Google AdMob: Google AdMob provided by Google LLC, 1600 Amphitheatre Parkway, Mountain View, CA 94043, USA ("AdMob "), is used to deliver ads within the Flatastic application. The Software Development Kit (SDK) provided by AdMob has been integrated into the Flatastic application. Whenever an advertisement is displayed, the SDK loads it directly from AdMob and delivers it within the Flatastic application. To make the ad relevant to you, it can be personalised. We cannot review every advertisement that is displayed within the Flatastic application.
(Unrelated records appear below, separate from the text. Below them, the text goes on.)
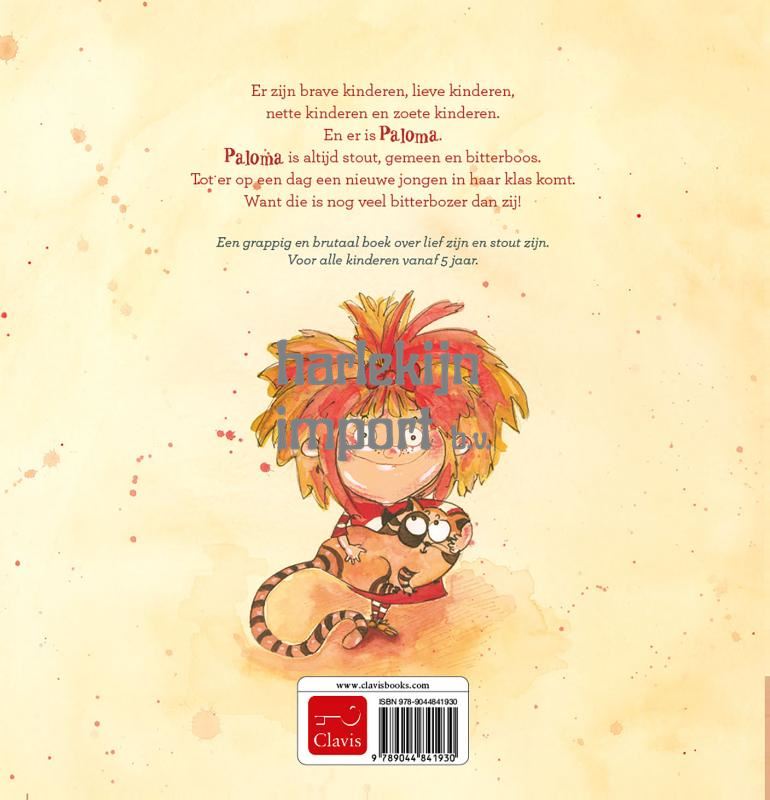 Een grappig en brutaal boek over lief zijn en stout zijn. Voor alle kinderen vanaf 5 jaar. Er zijn brave kinderen, lieve kinderen, nette kinderen en zoete kinderen. En er is Paloma. Paloma is altijd stout, gemeen en bitterboos. Tot er op een dag een nieuwe jongen in haar klas komt. Want die is nog veel bitterbozer dan zij!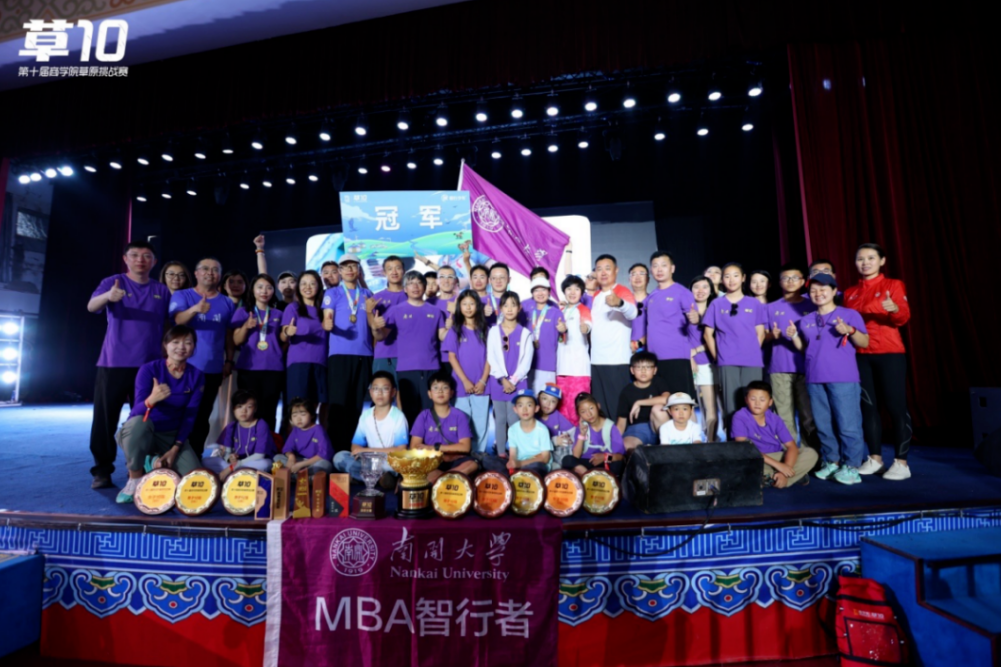 格根塔拉草原上,南开大学商学院MBA代表队凭热血与坚韧创下佳绩。面对全国顶尖对手,他们一举斩获“团体冠军”、“草原王者奖”等八项大奖,不仅拿下南开大学商学院在全国商学院越野徒步类赛事的首个冠军,更让“南开紫”成为草原上最亮眼的颜色。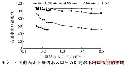 不同截面比下凝結(jié)水入口壓力對(duì)高溫水出口溫度的影響見圖6。高溫水出口溫度取決于引射蒸汽量和凝結(jié)水流量,是考察引射混合式低壓加熱器加熱性能的重要指標(biāo)之一。由圖6可知,隨著截面比的改變,高溫水出口溫度變化較大。當(dāng)截面比m=1.69時(shí),高溫水出口溫度比其他3組試驗(yàn)值低。由圖4、5可知,在4組試驗(yàn)數(shù)據(jù)中,截面比m=1.69時(shí)的凝結(jié)水流量最大、引射蒸汽量最高,但增大的引射蒸汽量不足以抵消凝結(jié)水流量增大的影響,因此高溫水出口溫度最低。高溫水出口溫度最高的是截面比m=10.56的引射混合式低壓加熱器,高溫水出口溫度可達(dá)110℃。由此可知,對(duì)于引射混合式低壓加熱器性能的考察要全面,不能只關(guān)注引射蒸汽量,應(yīng)綜合考察其加熱性能,選擇合適的截面比,這樣才能獲得較高溫度的高溫水。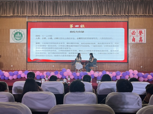 大赛以“朋燃心动,互助同行”为主题。经过前期选拔,最终有来自食科、植保、水土、机电、公管、经管、化学和外语学院的8支代表队进入决赛。比赛分为知识问答、活动分享和情景再现三个环节。在知识问答环节,选手们面对问题反应迅速,游刃有余;在活动分享环节,各团队选手讲述分享“兔子舞”、“看我报数”、“双向奔赴”等活动,展现朋辈团体辅导活动项目的丰富性和趣味性;在情景再现环节,各团队选手们围绕“宿舍矛盾”、“外貌焦虑”、“就业迷茫”、“新生适应”、“自控力欠缺”等大学生常见心理问题进行情景演绎,再现了大学生群体中存在的心理困惑,展示了朋辈心理辅导过程中的精彩技能。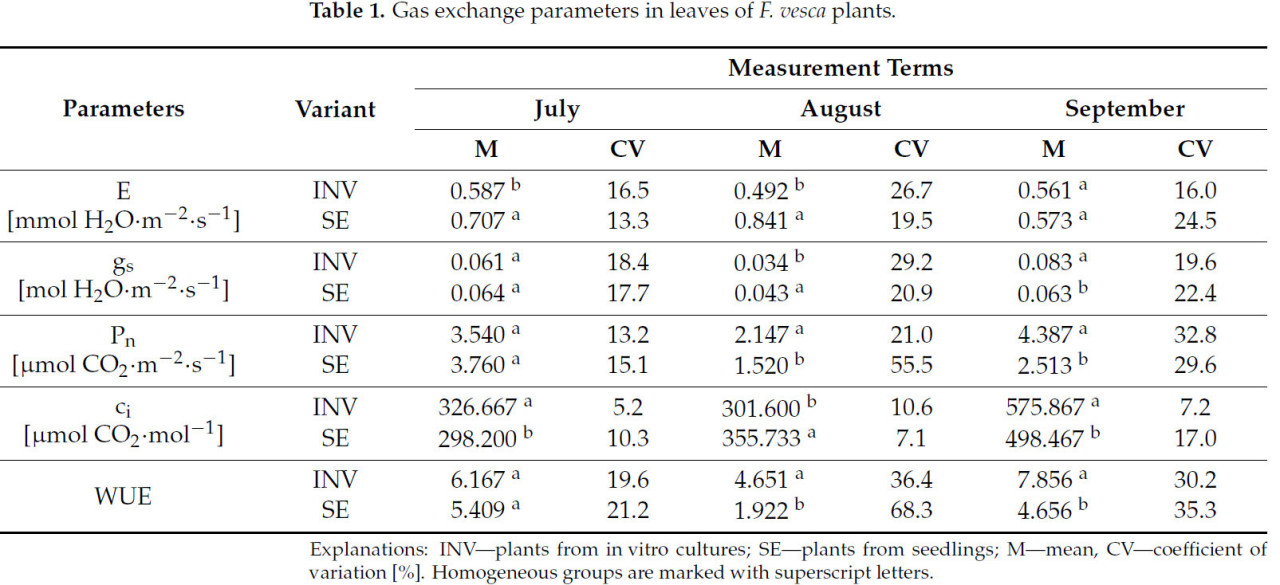 На первую дату измерения различия между растениями Fragaria vesca сорта Rugia, размноженными разными методами, наблюдались только для определенных параметров. Для параметра E более высокие значения были зарегистрированы у растений, размноженных из сеянцев (SE), по сравнению с полученными из in vitro культур (INV). И наоборот, для параметра ci растения INV демонстрировали более высокие значения, чем растения SE (Таблица 1). На вторую дату измерения растения INV демонстрировали более высокие значения для Pn и WUE, тогда как растения SE показывали более высокие значения для E, gs и ci. На третью дату измерения растения INV демонстрировали более высокие значения для всех измеренных параметров газообмена, за исключением E, для которого не наблюдалось значительных различий.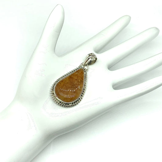 Big Golden Amber Quartz Stone Sterling Silver Pendant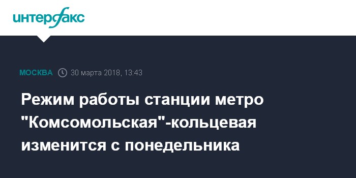 Москва. 30 марта. INTERFAX.RU - В связи с проведением капитального ремонта эскалатора со 2 апреля по 24 мая будет изменен режим работы вестибюля станции "Комсомольская" Кольцевой линии Московского метрополитена, сообщили "Интерфаксу" в пресс-службе подземки в пятницу.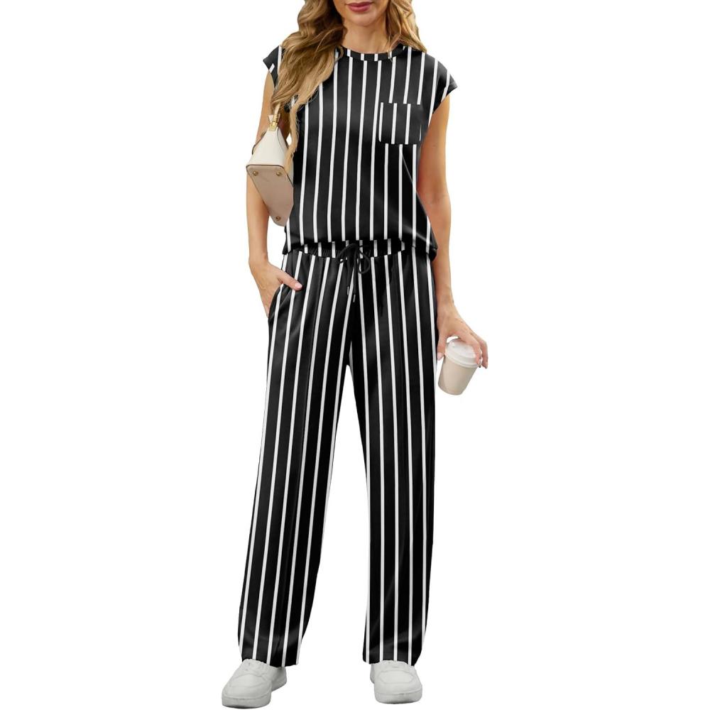 GRECERELLE 2 Piece Sets For Women Summer 2026 Outfits Lounge Sets Sleeveless Sweatsuits Wide Leg Tracksuits With Pockets(Fp-black White Stripe)

If you do not want to see ads, buy a premium subscription.

In the future, we may use other solutions, such as, but not limited to, payment APIs.
We always evaluate the solutions we use for compliance with the GDPR and regularly update the Third Party Solutions section of the Privacy Policy.

Third party service providers #

In the future, we may offer you contracts to make your household easier and better organized, such as but not limited to internet service providers, energy and utility providers, insurance and other household related expenditures. We will not pass any of your personal data to a possible third party service provider without your explicit consent.

Third party contributors #

To develop and improve the application we may work with freelance developers, contractors or other third parties. These contributors are bound by confidentiality, will not pass on any personal data and take strict technical measures to protect your personal data.

Transfer of Flatastic #

If Flatastic or Flatastic's assets are acquired by another company, we may transfer, sell or assign data concerning your relationship with us to the other entity. That entity will assume the rights and obligations with respect to that data as described in this Privacy Policy and as required by applicable law.

Data security #

Our website and the backend of the application are hosted on Amazon Web Services. We chose to host the data within the European Economic Area (“EEA”). You can read the Amazon Web Services security policy here:
https://aws.amazon.com/security/

Despite our effort, certain data may be stored outside the EEA. We will take all steps reasonably necessary to ensure that the data is appropriately safeguarded and treated in accordance with this Privacy Policy.

We use a modern IT infrastructure with high security standards. We develop our internal processes such that appropriate data security can be ensured. All data you provide to us is stored on our secure servers. The data is transmitted over an industry standard Secure Socket Layer (SSL) connection. You are responsible for keeping the password to your user account confidential. Do not share the password with anyone.

Transmission over the Internet is not completely secure. We cannot guarantee the security of your data, even though we do our best to protect your data. Once we have received your data, strict policies and technical measures are in place to try to prevent unauthorized access.

What rights do you have? #

You have the following rights:

  • Right to information
  • Right of rectification (in case of incorrect data)
  • Right to be forgotten
  • Right to restrict processing
  • Right to data transmission
  • Right to object to processing
  • Right to lodge a complaint with the competent data protection authority

Exceptions apply to these rights. Therefore, we cannot (fully) comply with all requests to exercise these rights.

Changes to this Privacy Policy #

Flatastic may change this Privacy Policy at any time and unilaterally. We will notify you of such changes in an appropriate manner. Your continued use of the application following notice of changes to the Privacy Policy constitutes your express acceptance of such changes.